## Task item:
Please set down each of the lines below once more, exactly, omitting all pictures.

## Data block:
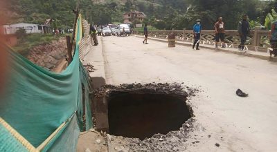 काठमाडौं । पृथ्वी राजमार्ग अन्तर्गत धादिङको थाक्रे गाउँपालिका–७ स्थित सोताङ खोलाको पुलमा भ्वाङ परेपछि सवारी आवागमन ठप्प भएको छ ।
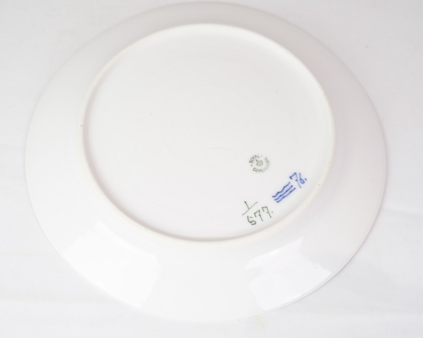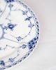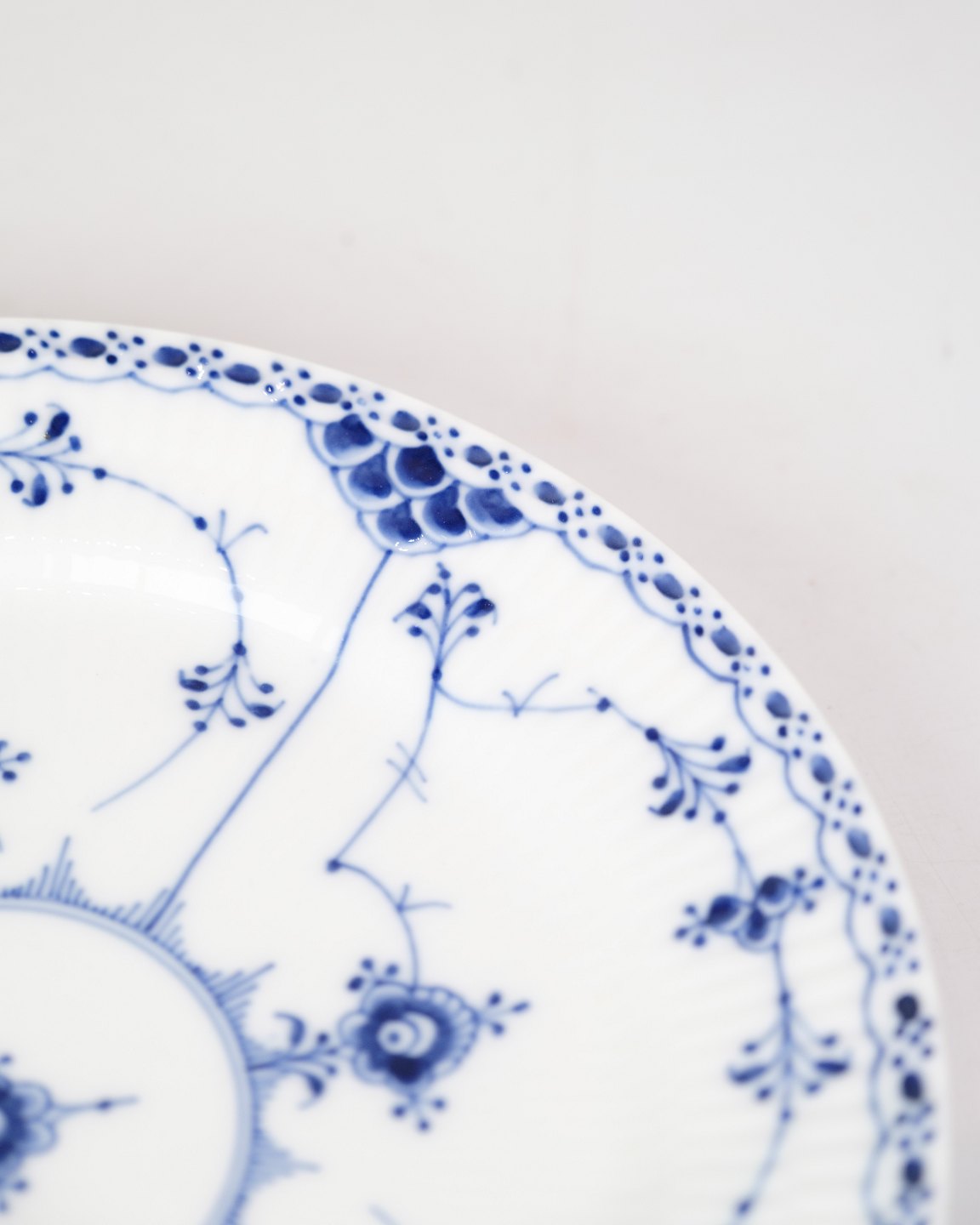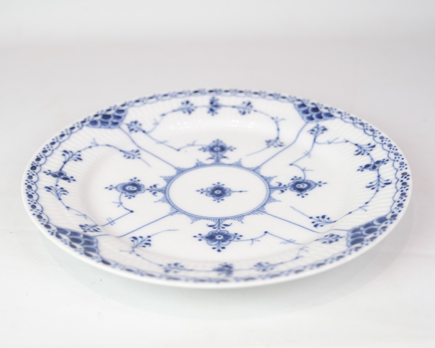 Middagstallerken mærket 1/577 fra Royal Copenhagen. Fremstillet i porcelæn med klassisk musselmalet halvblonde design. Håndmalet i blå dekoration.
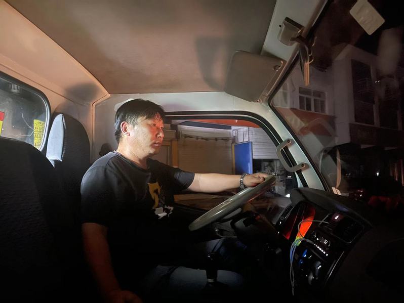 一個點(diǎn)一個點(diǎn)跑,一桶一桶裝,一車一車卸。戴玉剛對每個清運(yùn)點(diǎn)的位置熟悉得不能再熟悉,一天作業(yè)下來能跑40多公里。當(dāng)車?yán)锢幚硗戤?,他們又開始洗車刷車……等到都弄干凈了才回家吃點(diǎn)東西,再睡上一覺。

## Task result:
 काठमाडौं । पृथ्वी राजमार्ग अन्तर्गत धादिङको थाक्रे गाउँपालिका–७ स्थित सोताङ खोलाको पुलमा भ्वाङ परेपछि सवारी आवागमन ठप्प भएको छ ।
 Middagstallerken mærket 1/577 fra Royal Copenhagen. Fremstillet i porcelæn med klassisk musselmalet halvblonde design. Håndmalet i blå dekoration.
 一個點(diǎn)一個點(diǎn)跑,一桶一桶裝,一車一車卸。戴玉剛對每個清運(yùn)點(diǎn)的位置熟悉得不能再熟悉,一天作業(yè)下來能跑40多公里。當(dāng)車?yán)锢幚硗戤?,他們又開始洗車刷車……等到都弄干凈了才回家吃點(diǎn)東西,再睡上一覺。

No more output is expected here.